5 ways to achieve high quality conjugates
October 16th, 2014
Our Lightning-Link® antibody labeling kits for antibody and protein conjugation are quick and easy to use, however there are some important considerations to take into account when labeling your protein. Here are 5 ways to achieve high quality conjugates and optimal results from your experiment:
1. Select the best label for your application
There is a huge variety of antibodies and labels available commercially but which combination is best for your application?
One of the advantages of Lightning-Link® kits is that the technology can be used to conjugate any antibody to the wide variety of (over 40) labels in our range. The choice of label will usually depend on the experimental application. The table below provides a general overview of commonly used label types for several applications:
|Flow Cytometry/Immunofluorescence||Fluorescent dyes & proteins|
|Western Blotting||Horseradish Peroxidase|
Choosing the correct fluorescent label can be determined by the maximum absorbance, maximal emission and the extinction coefficient. We have 36 fluorescent dyes available which you can directly conjugate to your primary antibody, this table will help you choose which is most suitable for you.
2. Make sure your antibody is purified
Once you have selected the most suitable label for your conjugation it is important to ensure that your antibody is purified. This is because Lightning-Link® technology works by targeting amine groups on your biomolecule, therefore any free amine groups (i.e. if other proteins are present) will interfere with your reaction, resulting in poor quality conjugates. Affinity purification is preferred as it will always result in a purified sample containing only the antibody of interest.
Other methods of purification include:
– Protein A or G purification of serum – this will result in a purified sample of all IgG’s contained in the serum. You will have a purified IgG fraction but only a small percentage of this fraction will be the IgG of interest. This IgG fraction will label with our kits, although adjustments in conjugate dilutions will be required.
– Protein A or G purification of tissue culture supernatant or ascites fluid – this method will generate purified antibodies equivalent to affinity purification.

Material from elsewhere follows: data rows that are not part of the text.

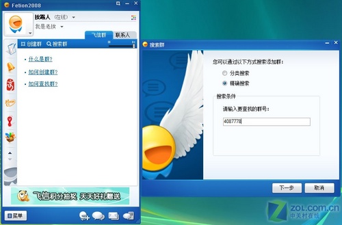 在圖4中,切換到“飛信群”選項(xiàng),單擊“搜索群”按鈕,在彈出的“搜索群”對話框中點(diǎn)選“精確搜索”,最后輸入“群號碼”并單擊“下一步”按鈕(如圖10)。
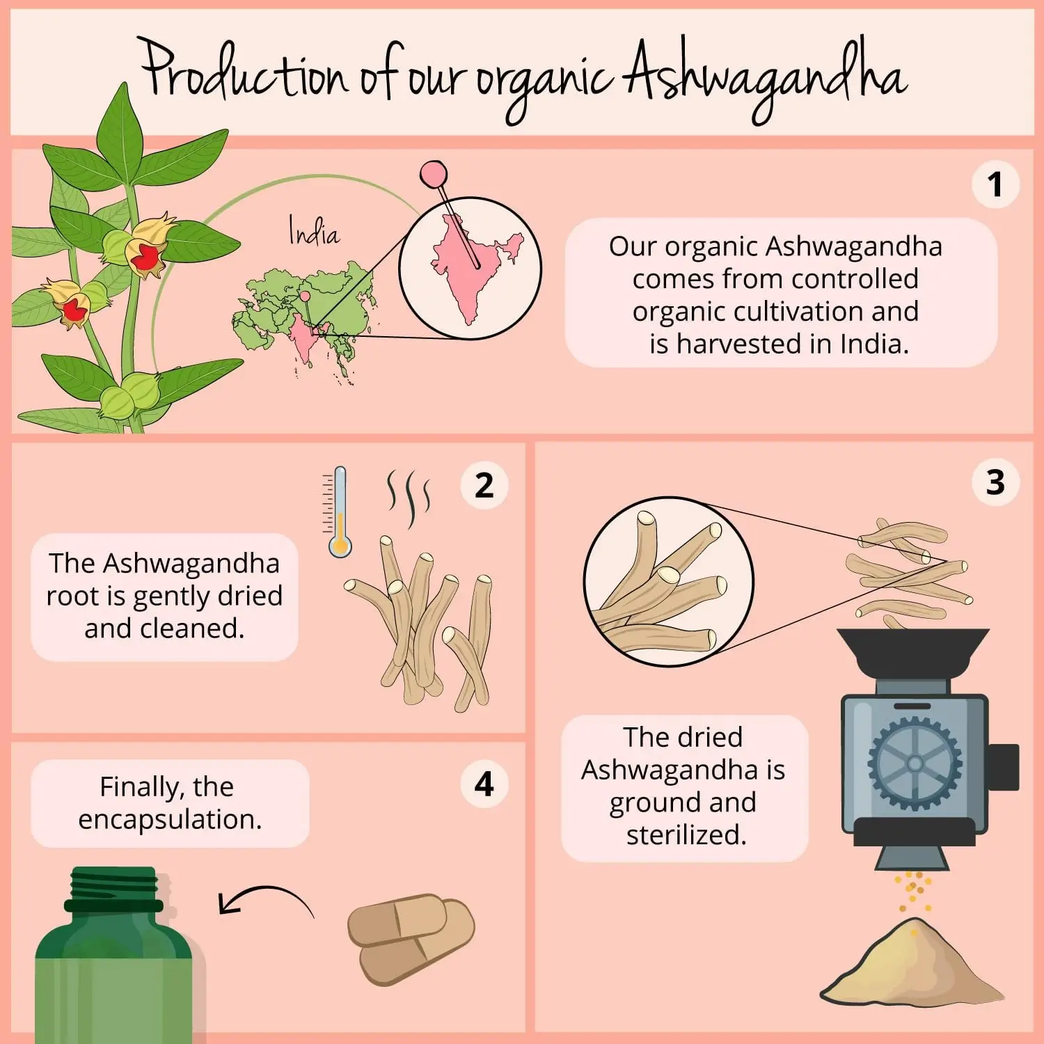 Kot pri vseh naših izdelkih posvečamo veliko pozornosti izvoru in najvišji kakovosti surovin, zato smo izbrali visokokakovosten prah ašvagande iz nadzorovane ekološke pridelave v Indiji. Poleg tega naši izdelki iz ašvagande vsebujejo vsaj 2 % vitanolidov. Da bi zagotovili optimalno kakovost, naš skrbno predelan prah ašvagande testiramo tudi na različne nečistoče, vključno z mikrobno kontaminacijo, ter ostanke pesticidov in težkih kovin.
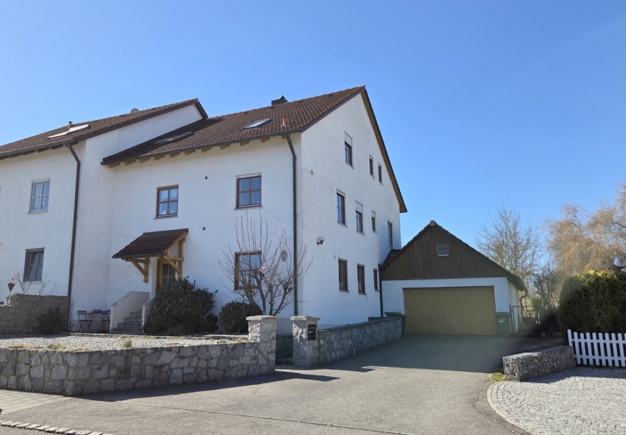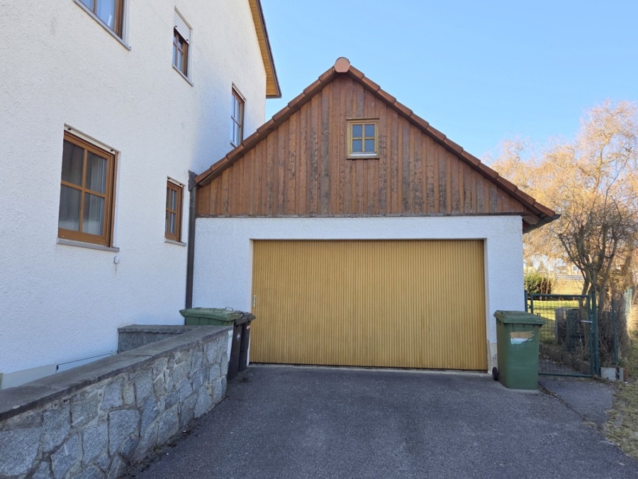 Dieses Zweifamilienhaus auf einem Erbpachtgrundstück befindet sich in einer gewachsenen Siedlung in Maxhütte-Haidhof. Das Haus ist in zwei separate Wohneinheiten aufgeteilt und verfügt über eine Doppelgarage und einen großen Garten.

Other purification methods, such as ion exchange chromatography and ammonium sulphate precipitation, are low quality purification methods and should be avoided. Filtration using a 0.2/0.22 µm filter is a method of sterilization not purification, and is therefore not appropriate.
3. Make sure your antibody is in a suitable buffer
Take a look a the below table for a summary of buffer considerations:
For recommended buffer conditions please see the below table:
|Amine free buffer (e.g. MES, MOPS, HEPES, PBS)||ü|
|Non-buffering salts (e.g. sodium chloride)||ü|
|Chelating agents (e.g. EDTA)||ü|
|Nucleophilic components (Primary amines e.g. amino acids or ethanolamine and thiols e.g. mercaptoethanol or DTT)||x|
1 Please note that individually the concentrations shown should not affect the reaction. However in combination with additional compounds that are not recommended above a certain concentration, the reaction may be affected.
2 If intending to use this kit for immunohistochemistry, it is recommended that there be no gelatin or BSA present.
3 It is important to note that sodium azide is a known inhibitor of HRP and should be avoided.
4. Check the amount and volume of antibody is correct
It is important to make sure you add the correct amount and volume of your antibody to the vial of lyophilised label to obtain conjugates with optimal performance. We recommend that you check the individual Lightning-Link® protocol for the amount and volume to add.
5. Store your new conjugate correctly
Post conjugation, it is important to store the newly labeled antibody correctly. For any new conjugate using a Lightning-Link® kit we recommend storage at 4°C, undiluted for 18 months. The exception to this is tandem conjugates which are only stable for up to 3 months.
The bond formed between the antibody and the dye is covalent and therefore very stable and should not degrade however it is important to check the storage conditions of the antibody to ensure they are compatible with these temperatures.
It is possible to store conjugates for longer at -20°C as long as the conjugate is stored with a cryoprotectant such as 50% glycerol. APC and RPE conjugates should never be stored at -20°C on their own without glycerol.
Please note the above are guidelines only – the best storage conditions may vary and should be determined experimentally.
Follow these 5 simple rules when labeling your biomolecule and you should achieve optimum results easily and efficiently!